> _Goal of the exercise_: Without any pictures, reproduce exactly the lines running from the line containing "RACHEL ZOE FASHION DESIGNER" through the end of the entries.

[Dataset excerpts]
=-=-=-=-=

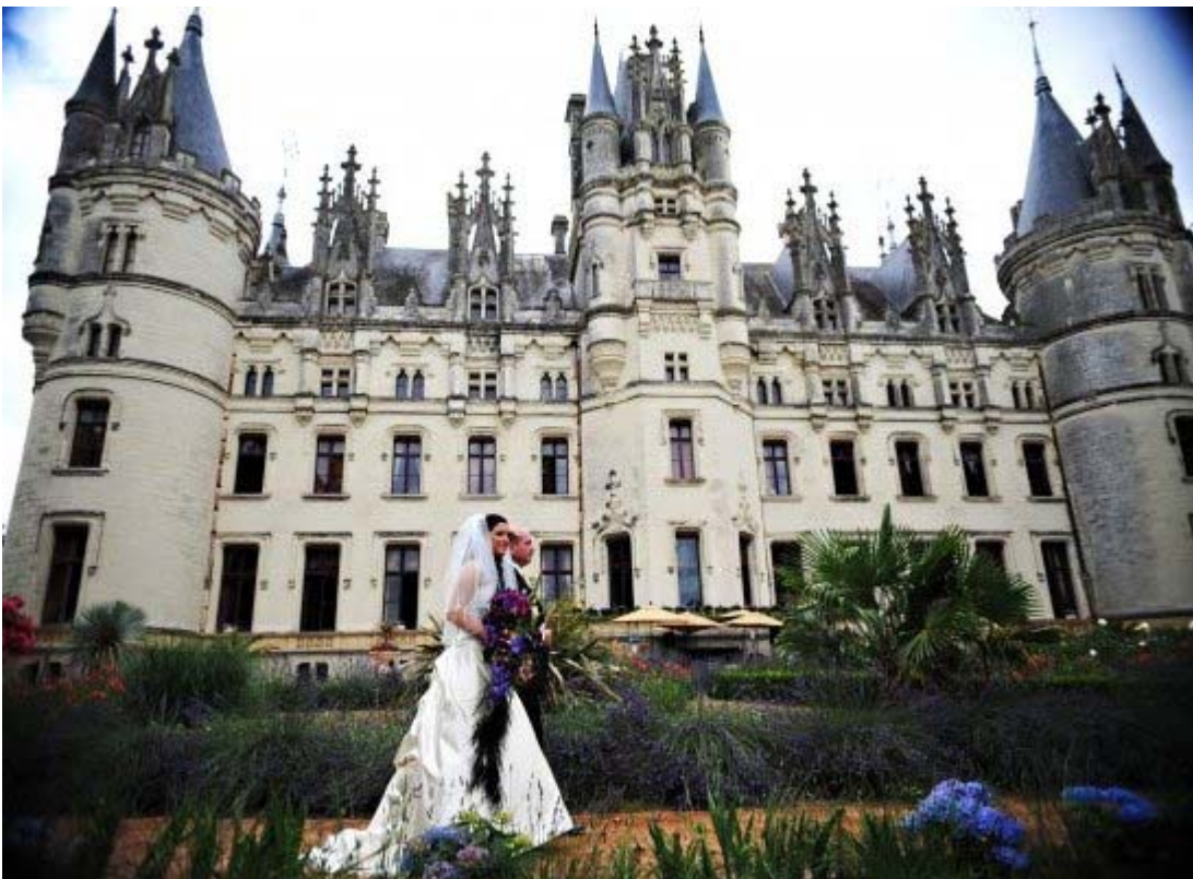
Wedding Photo II
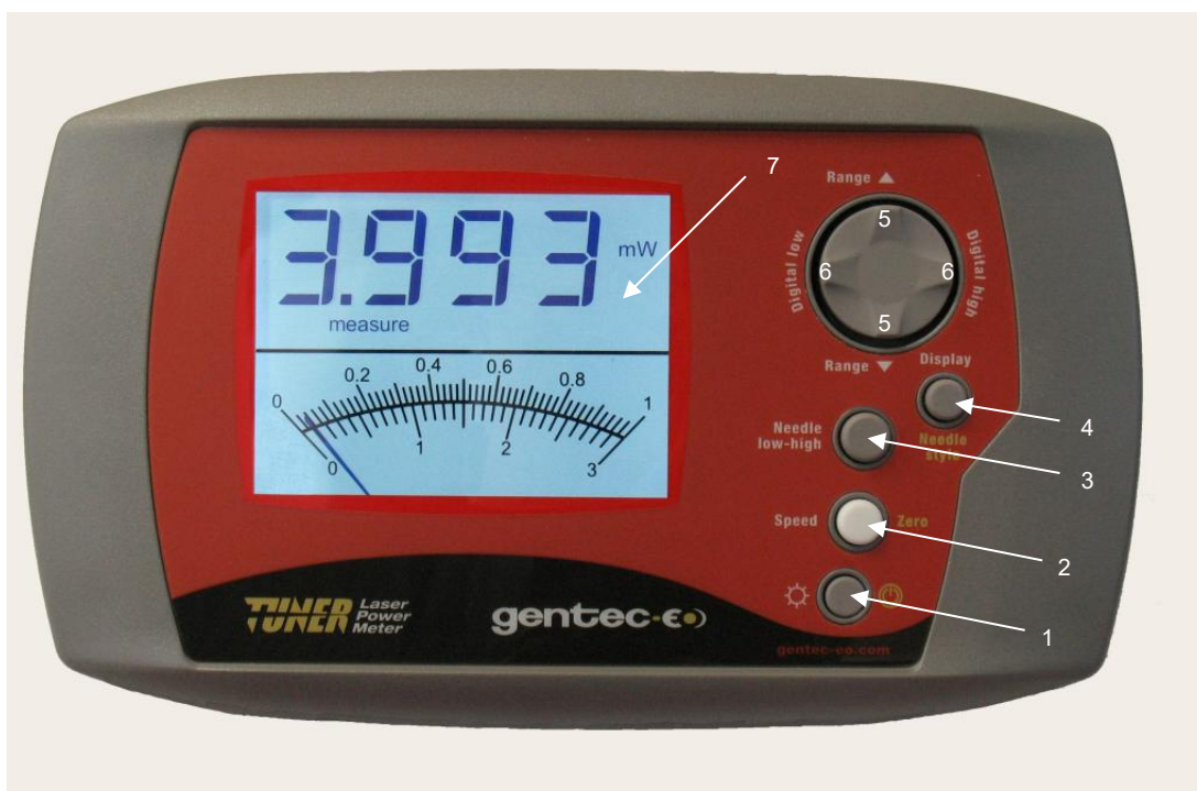
Fig. 1-1 TUNER Front Panel
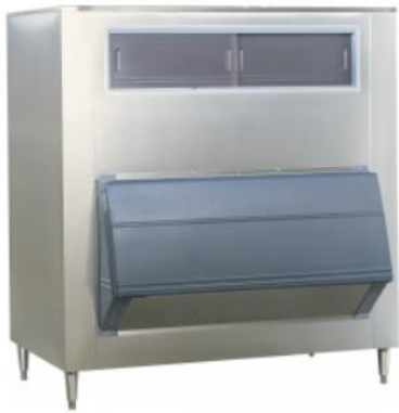
Upright ice storage bins
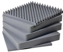
1641 5 pc. Replacement Foam Set
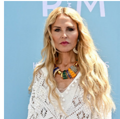
RACHEL ZOE FASHION DESIGNER
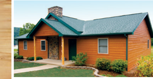
▲ Lodging Houses
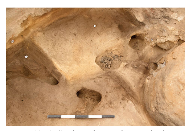
Figure 11.46. Southeast-facing photograph showing compound surface (18976).

=-=-=-=-=

> _Output for this exercise_:
RACHEL ZOE FASHION DESIGNER
▲ Lodging Houses
Figure 11.46. Southeast-facing photograph showing compound surface (18976).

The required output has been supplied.